* _Task brief_: Set down each line of the material that follows, exactly, with no pictures.

* _Data provided_:
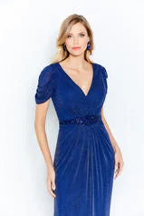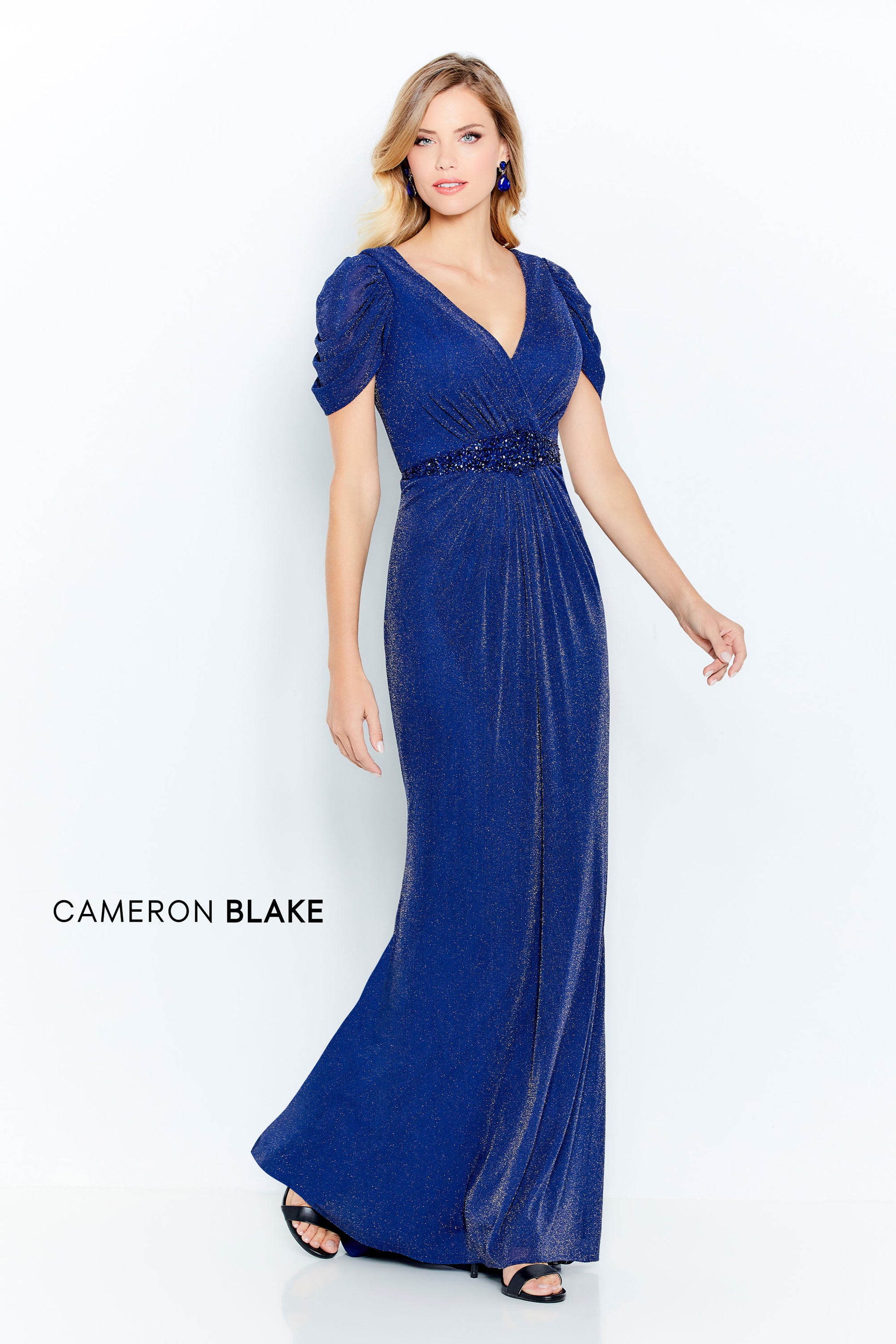 Look stunning AND comfortable in this Cameron Blake Sheath dress! Its gold shimmery red jersey is ruched to perfection and adorned with gorgeous beading around the natural waistline. Feel beautiful in the V-neckline and back design with a surplus bodice. The ruching down the front and back slim skirt is finished with a sweeping train.
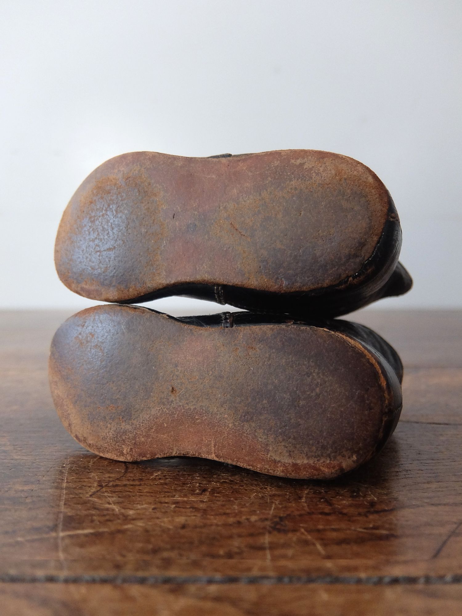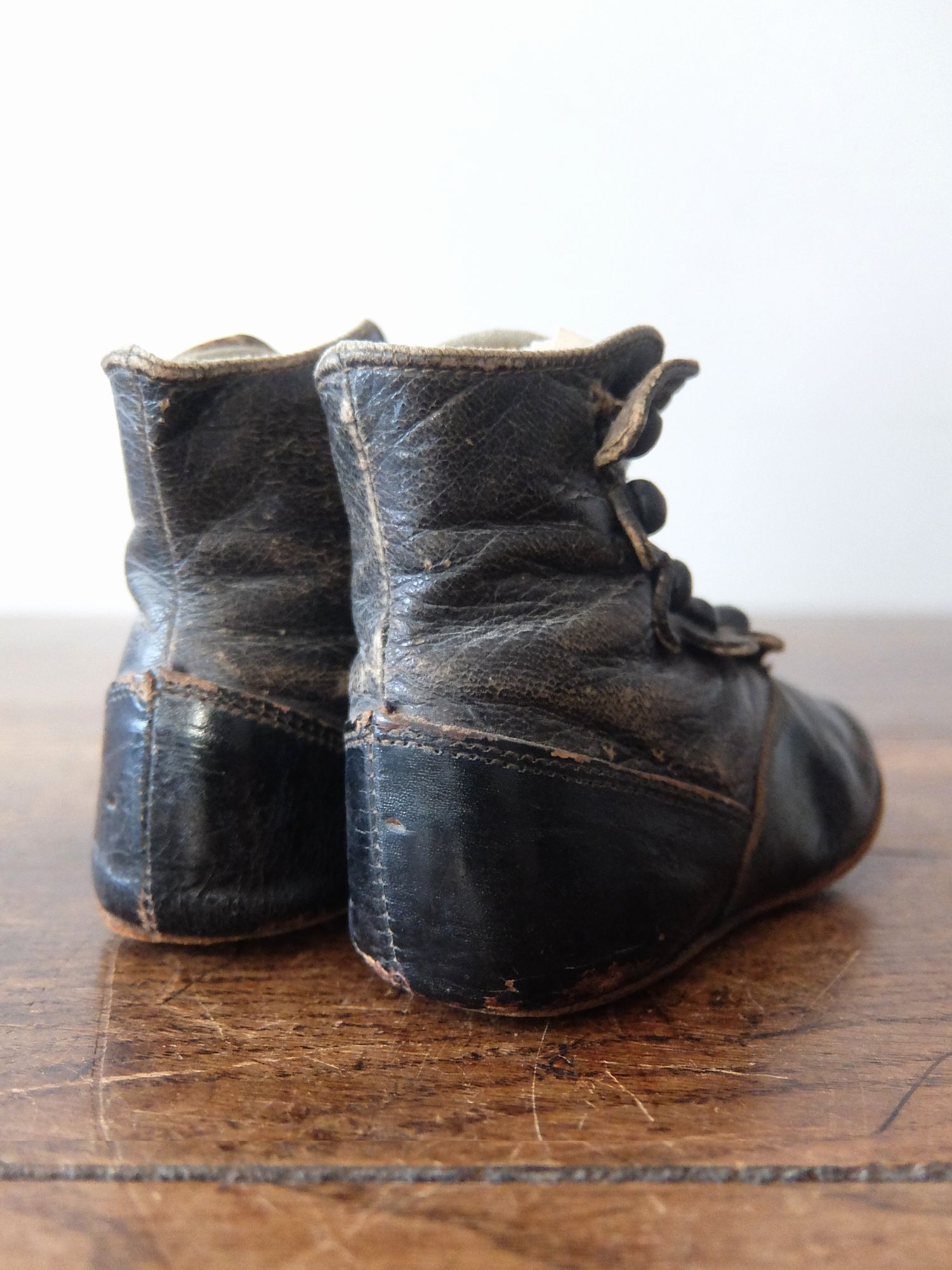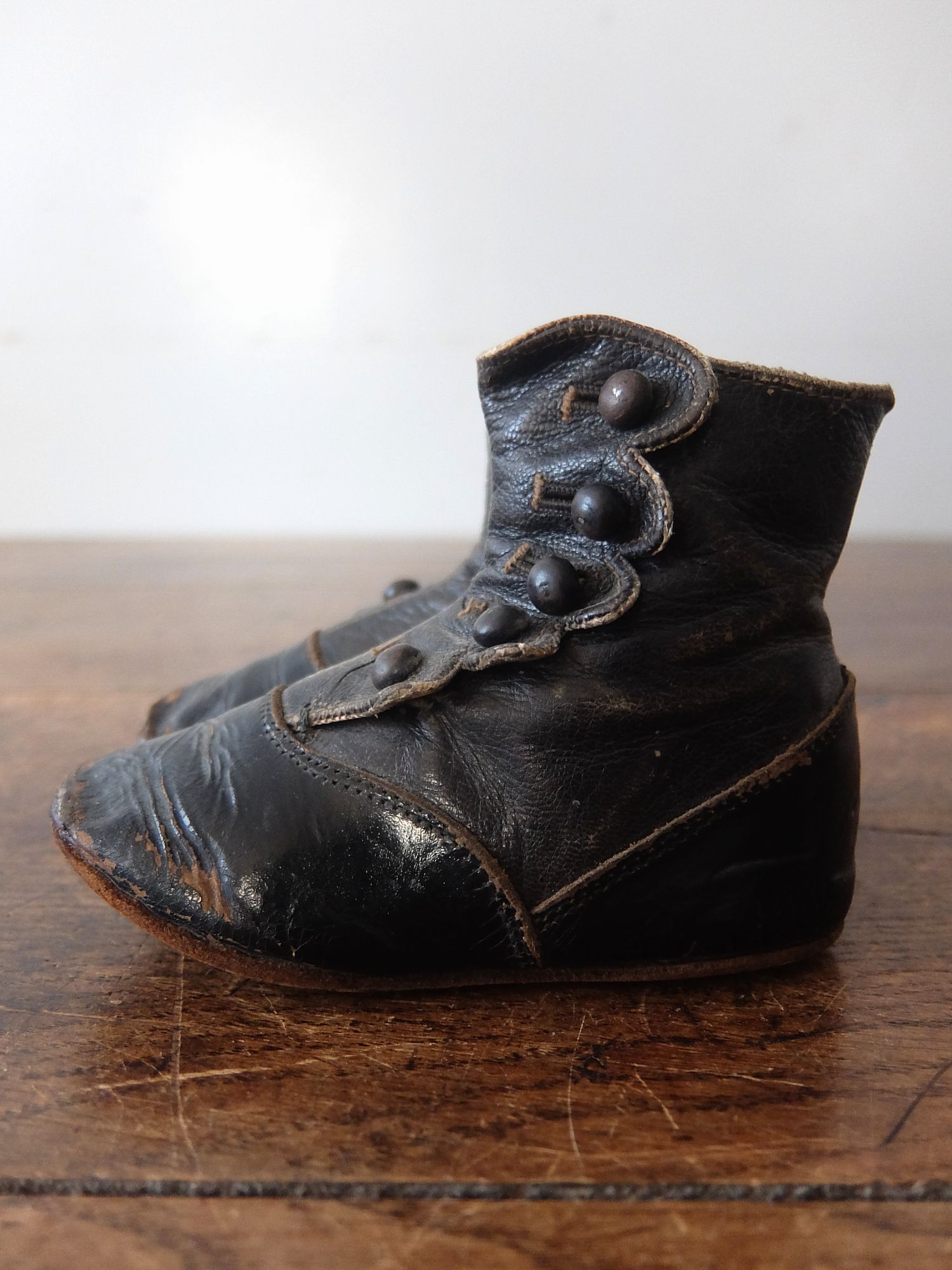 使い込まれた革の雰囲気が魅力的な子供用/人形用のヴィクトリアンベビーシューズ
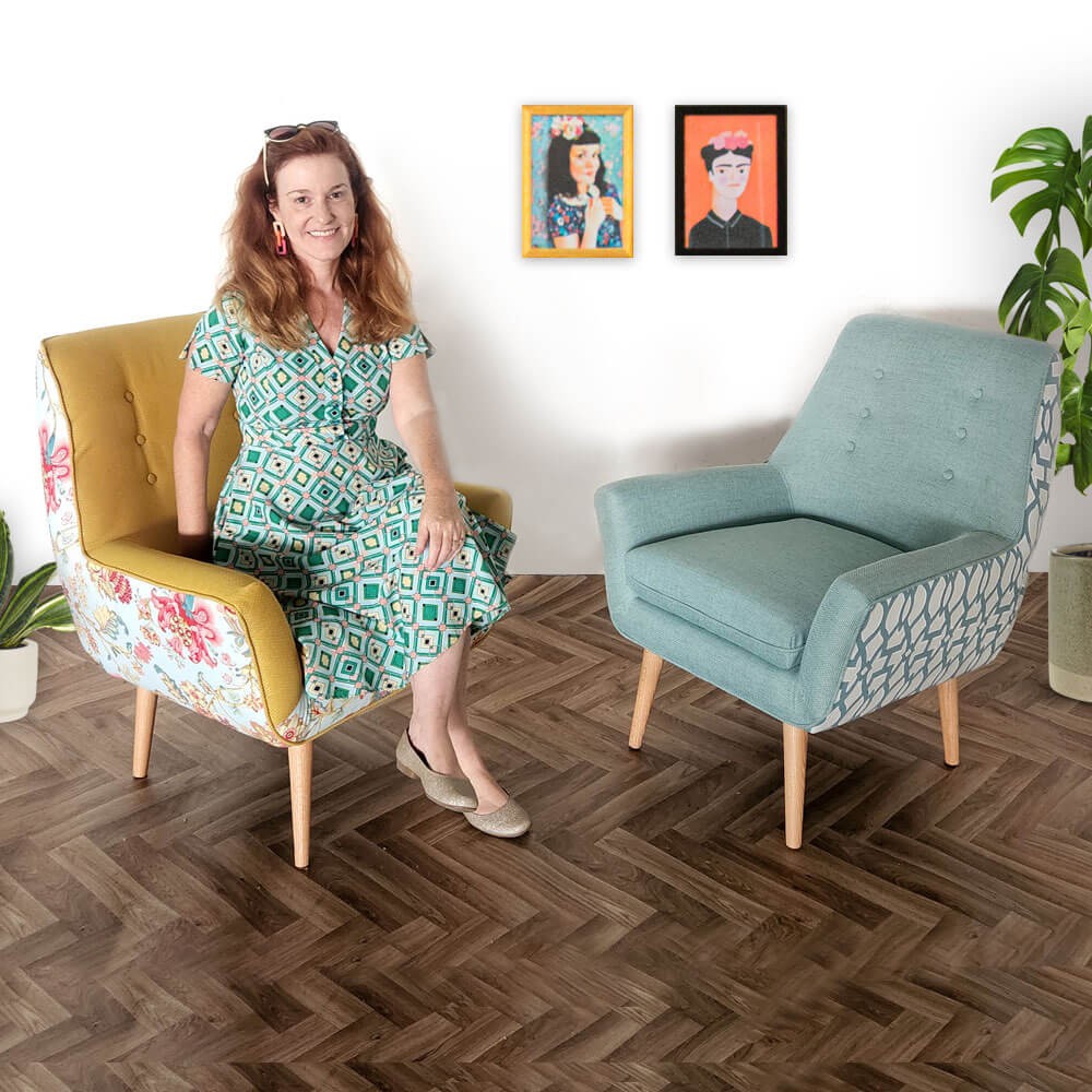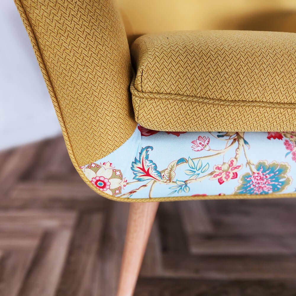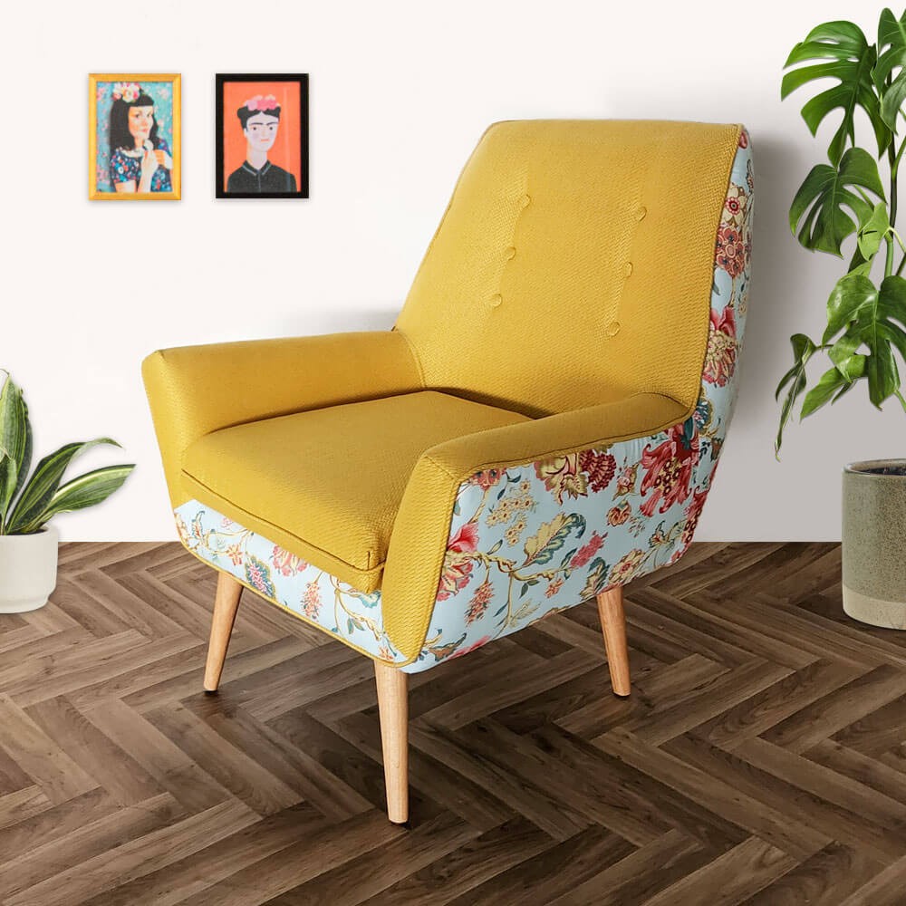 כורסה מעוצבת גניה בעיצוב רטרו ובריפוד משולב שני בדים

* _Answer area_:
 Look stunning AND comfortable in this Cameron Blake Sheath dress! Its gold shimmery red jersey is ruched to perfection and adorned with gorgeous beading around the natural waistline. Feel beautiful in the V-neckline and back design with a surplus bodice. The ruching down the front and back slim skirt is finished with a sweeping train.
 使い込まれた革の雰囲気が魅力的な子供用/人形用のヴィクトリアンベビーシューズ
 כורסה מעוצבת גניה בעיצוב רטרו ובריפוד משולב שני בדים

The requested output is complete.